In my last post I made the point that truth is contingent on human motivations. I got a couple comments interpreting me as saying that truth is arbitrary. This is definitely not what I mean, and it's also not the first time I've encountered this confusion, so I want to write a brief post to tackle this point head on.

What does it mean to say that something is contingent? It means that it depends on something else. So, for example, when I said in my post that truth is contingent, I mean that it's a concept whose shape depends on other things, like the shape of other concepts and our motivations.

This is quite different from claiming that something is arbitrary. Something is arbitrary if it is chosen or formed without concern for suitability to some purpose or is otherwise not dependent on other things. For something to be arbitrary it has to be like a free variable in an equation, totally unconstrained by anything else, existing outside causality.

(There are shades of meaning in language I'm excluding here. Some people use "arbitrary" to mean "lots of degrees of freedom" rather than "infinite degrees of freedom". But my point will stand so long as you agree that "contingent" implies "no or very few degrees of freedom" and "arbitrary" means "lots of degrees of freedom".)

Laid out like that the difference between these terms is clear enough, but then why, when I write about something like truth being contingent, do people interpret me to mean that it's arbitrary? I'll try to tell a plausible story to explain why I think this happens.

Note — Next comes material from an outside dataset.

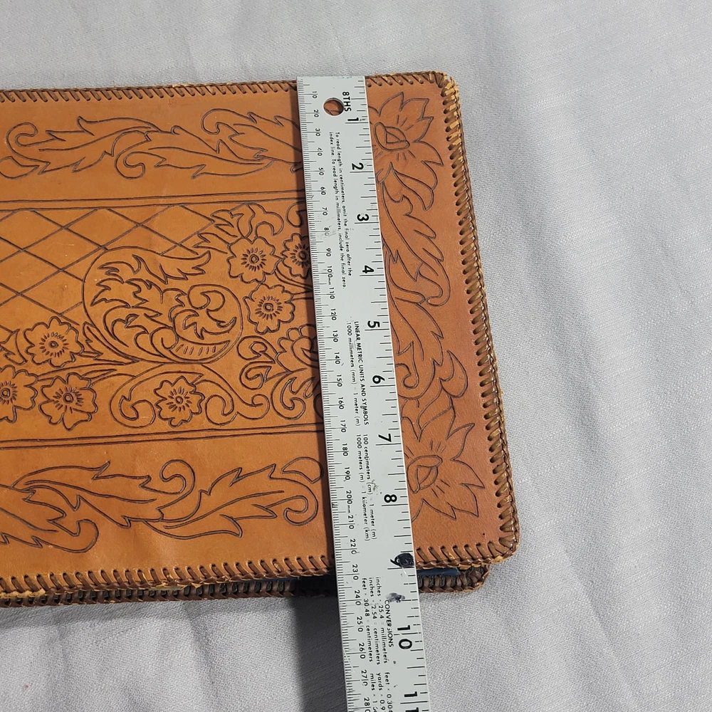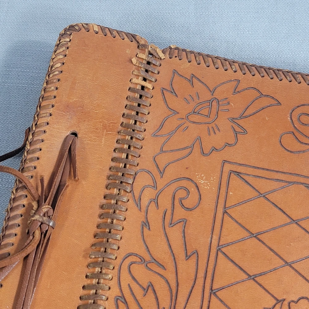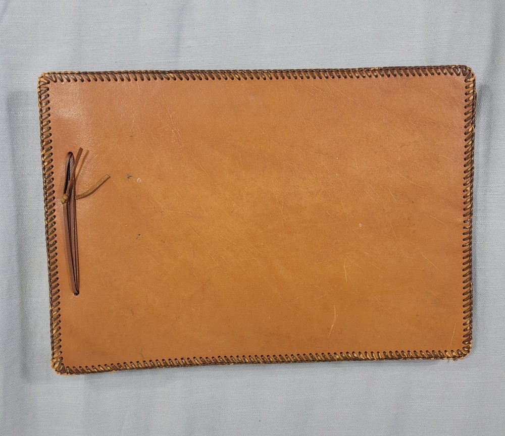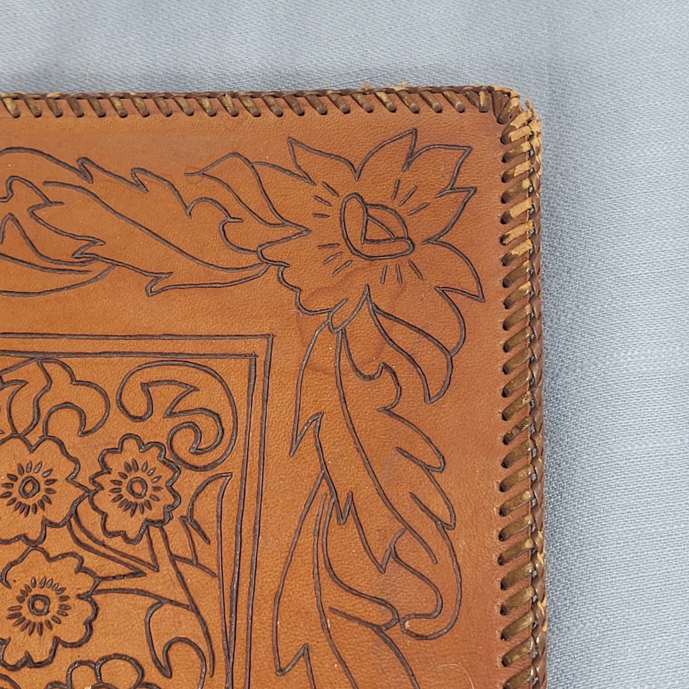 This beautiful leather album has woven edging and pretty floral pattern on the cover. Some wear damage on edging, as seen in pictures. Comes with the pack of picture corners.

When we're young we develop a fairly simple ontology of the world. Some things seem fixed and permanent and other things seem variable and changing. Fixed things stay the same and don't change, and variable things change a bunch. For example, to a six-year old, things like their relationship with their parents, what foods they like, and what games they like playing probably feel fixed because they have no memory of them having been any other way. Meanwhile things that change seem to do so for arbitrary and literally inexplicable reasons because at that young age we're still building up our model of the world and it doesn't have very many gears in it yet. So we start to organize the world into what seems like a natural dichotomy: those things that are fixed and those that are not.

As we get older we encounter new concepts, including abstract concepts, and have to adapt our ontology to account for them. One of the main ways this adaption happens is via metaphors. So when we learn about ideas like "objectivity" and "subjectivity" we build our intuitive understanding of those concepts on metaphors about things that are fixed and variable, respectively. As a result, objective-coded concepts, like truth, end up on the fixed side of the categorical divide, and subjective-coded concepts, like experience, end up on the variable side. We then pull in associations we have with fixed and variable things to give nuance to our understanding of objective and subjective concepts, and as a result think of the objective as fixed and permanent and the subjective as variable and changing.

What does this have to do with people thinking I said "arbitrary" when I said "contingent"? My theory is that because things that are contingent are not permanently fixed but changing with the flow of causality, they get coded as not-fixed, and then due to having built up an understanding on metaphors that draw a split between the fixed and the variable, "contingency" gets lumped into the "variable" cluster and thus can be read as "arbitrary".

Even if you think my story about how this error happens is nonsense, this still seems like a plausible explanation at the level of "contingency" getting lumped in and associated with everything in the "not-fixed" category, and so gets interpreted as a claim to arbitrariness due to a lack of a properly excluded middle. This is likely exacerbated by experiences with people who first claimed something "depends on context" and then used that claim as a rhetorical wedge to argue for arbitrary things without appeal to evidence or reason.

But whatever the cause, thinking contingency implies arbitrary is a mistake. Things that are contingent are not arbitrary. Rather, they are heavily constrained by causation. In fact, I might go so far as to claim that, if you step back and look at the whole of the universe, nothing is arbitrary and everything is tied up and contingent upon everything else that has happened. That something is contingent simply means that it's not fixed and permanent because it exists within the flow of time rather than outside it. We might alternatively say it's embedded in the world rather than floating free outside it in a dualistic, ideal form. That's a big deal, but also that's also all. No arbitrariness required.


I could have written another version of this post that said something like "arbitrariness is in the map, not the territory", but I already did that for another concept, so you can just read that post instead to hear that argument.